Lexie Gerson

Personal information
- Listed height: 5 ft 11 in (1.80 m)

Career information
- High school: Peddie School (NJ)
- College: Virginia
- Position: Guard

Career highlights
- 2x ACC All-Defensive Team;

= Lexie Gerson =

American basketball player

Lexie Gerson is an American basketball player. She played college basketball for the Virginia Cavaliers women's basketball team, where she was a two-time ACC All-Defensive team selection.

==Early life==
Gerson's hometown is Fort Washington, Pennsylvania. Gerson attended high school at the Peddie School in New Jersey.

==College career==
Gerson played college basketball at the University of Virginia, where she twice earned ACC All-Defensive team honors. She was the ACC's steals per game leader in the 2013–14 season.

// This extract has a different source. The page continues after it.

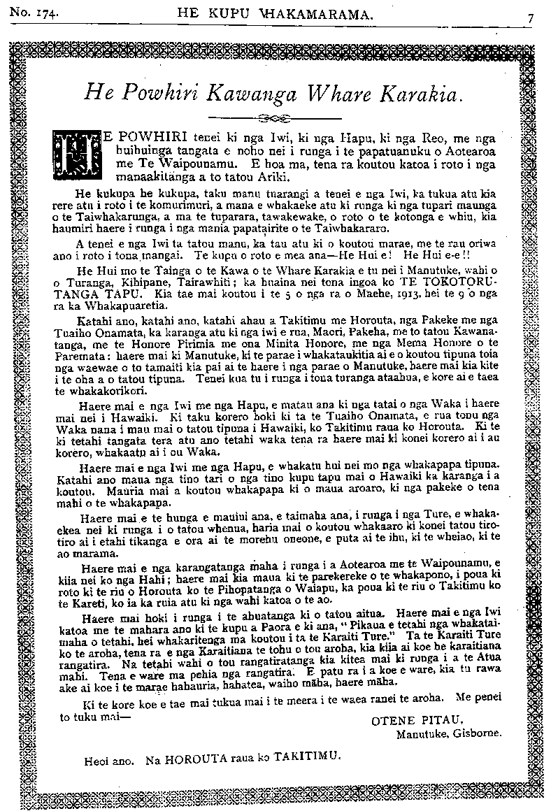 HE KUPU WHAKAMARAMA. He Powhiri Kawanga Whare Karakia. [E POWHIRI tenei ki nga Iwi, ki nga Hapu, ki nga Reo, me nga huihuinga tangata e noho nei i runga i te papatuanuku o Aotearoa me Te Waipounamu. E hoa ma, tena ra koutou katoa i roto i nga manaakitanga a to tatou Ariki. He kukupa he kukupa, taku manu tuarangi a tenei e nga Iwi, ka tukua atu Ida rere atu i roto i te komurimuri, a mana e whakaeke atu ki runga ki nga tupari maunga o te Taiwhakarunga, a ma te tuparara, tawakewake, o roto o te kotonga e whiu, kia haumiri haere i runga i nga mania papatairite o te Taiwhakararo. A tenei e nga Iwi ta tatou manu, ka tau atu ki o koutou marae, me te rau oriwa ano i roto i tona mangai. Te kupu o roto e mea ana—He Hui e! He Hui e-e!! He Hui mo te Tainga o te Kawa o te Whare Karakia e tu nei i Manutuke, wahi o o Turanga, Kihipane, Tairawhiti; ka huaina nei tona ingoa ko TE TOKOTORU- TANGA TAPU. Kia tae mai koutou i te 5 o nga ra o Maehe, 1913 hei te 9 o nga ra ka Whakapuaretia. Katahi ano, katahi ano, katahi ahau a Takitimu me Horouta, nga Pakeke me nga Tuaiho Onamata, ka karanga atu ki nga iwi e rua, Maori, Pakeha, me to tatou Kawana- tanga, me te Honore Pirimia me ona Minita Honore, me nga Mema Honore o te Paremata: haere mai ki Manutuke, ki te parae i whakataukitia ai e o koutou tipuna toia nga waewae o to tamaiti kia pai ai te haere i nga parae o Manutuke, haere mai kia kite i te oha a o tatou tipuna. Tenei kua tu i runga i tona turanga ataahua, e kore ai e taea te whakakorikori. Haere mai e nga Iwi me nga Hapu, e matau ana ki nga tatai o nga Waka i haere mai nei i Hawaiki. Ki taku korero hoki ki ta te Tuaiho Onamata, e rua tonu nga Waka nana i mau mai o tatou tipuna i Hawaiki, ko Takitimu raua ko Horouta. Ki te ki tetahi tangata tera atu ano tetahi waka tena ra haere mai ki konei korero ai i au korero, whakaatu ai i ou Waka. Haere mai e nga Iwi me nga Hapu, e whakatu hui nei mo nga whakapapa tipuna. Katahi ano maua nga tino tari o nga tino kupu tapu mai o Hawaiki ka karanga i a koutou. Mauria mai a koutou whakapapa ki o maua aroaro, ki nga pakeke o tena mahi o te whakapapa. Haere mai e te hunga e mauiui ana, e taimaha ana, i runga i nga Ture, e whaka- ekea nei ki runga i o tatou whenua, haria mai o koutou whakaaro ki konei tatou tiro- tiro ai i etahi tikanga e ora ai te morehu oneone, e puta ai te ihu, ki te wheiao, ki te ao marama. Haere mai e nga karangatanga maha i runga i a Aotearoa me te Waipounamu, e kiia nei ko nga Hahi; haere mai kia maua ki te parekereke o te whakapono, i poua ki roto ki te riu o Horouta ko te Pihopatanga o Waiapu, ka poua ki te riu o Takitimu ko te Kareti, ko ia ka mia atu ki nga wahi katoa o te ao. Haere mai hoki i runga i te ahuatanga ki o tatou aitua. Haere mai e nga Iwi katoa me te mahara ano ki te kupu a Paora e ki ana, " Pikaua e tetahi nga whakatai- maha o tetahi, hei whakaritenga ma koutou i ta te Karaiti Ture." Ta te Karaiti Ture ko te aroha, tena ra e nga Karaitiana te tohu o tou aroha, kia kiia ai koe he karaitiana rangatira. Na tetahi wahi o tou rangatiratanga kia kitea mai ki runga i a te Atua mahi. Tena e ware ma pehia nga rangatira. E patu ra i a koe e ware, kia tu rawa ake ai koe i te marae hahauria, hahatea, waiho maha, haere maha. Ki te kore koe e tae mai tukua mai i te meera i te waea ranei te aroha. Me penei to tuku mai- OTENE PITAU Manutuke, Gisborne. Heoi ano. Na HOROUTA raua ko TAKITIMU.

As a freshman in the 2009–10 season, Gerson averaged 5.0 points, 1.6 rebounds, 0.9 assists, and 1.0 steals per game. The Cavaliers appeared in the 2010 NCAA Division I women's basketball tournament, losing to #12 Green Bay in the 1st round.

In her sophomore year, Gerson averaged 5.5 points, 1.9 rebounds, 1.0 assists and 1.1 steals per game.

As a junior, Gerson was a member of the 2012 ACC All-Defensive team and was named the team's Best Defensive Player. She averaged 9.5 points, 3.8 rebounds, 2.6 assists, and 3.1 steals per game.

Gerson missed the 2012–13 season due to hip surgery.

As a senior in the 2013–14 season, Gerson averaged 8.4 points, 5.0 rebounds, 2.5 assists, and 2.7 steals per game. She earned the second All-Defensive team honor of her career. She led the ACC in steals at 2.7 per game. Gerson finished her collegiate career in fifth place in Virginia's all-time steals list at 257 steals. She played her last college game on March 6, 2014, in a 77–76 conference tournament loss to Georgia Tech.

==Honors==
She is an inductee into the Philadelphia Jewish Sports Hall of Fame.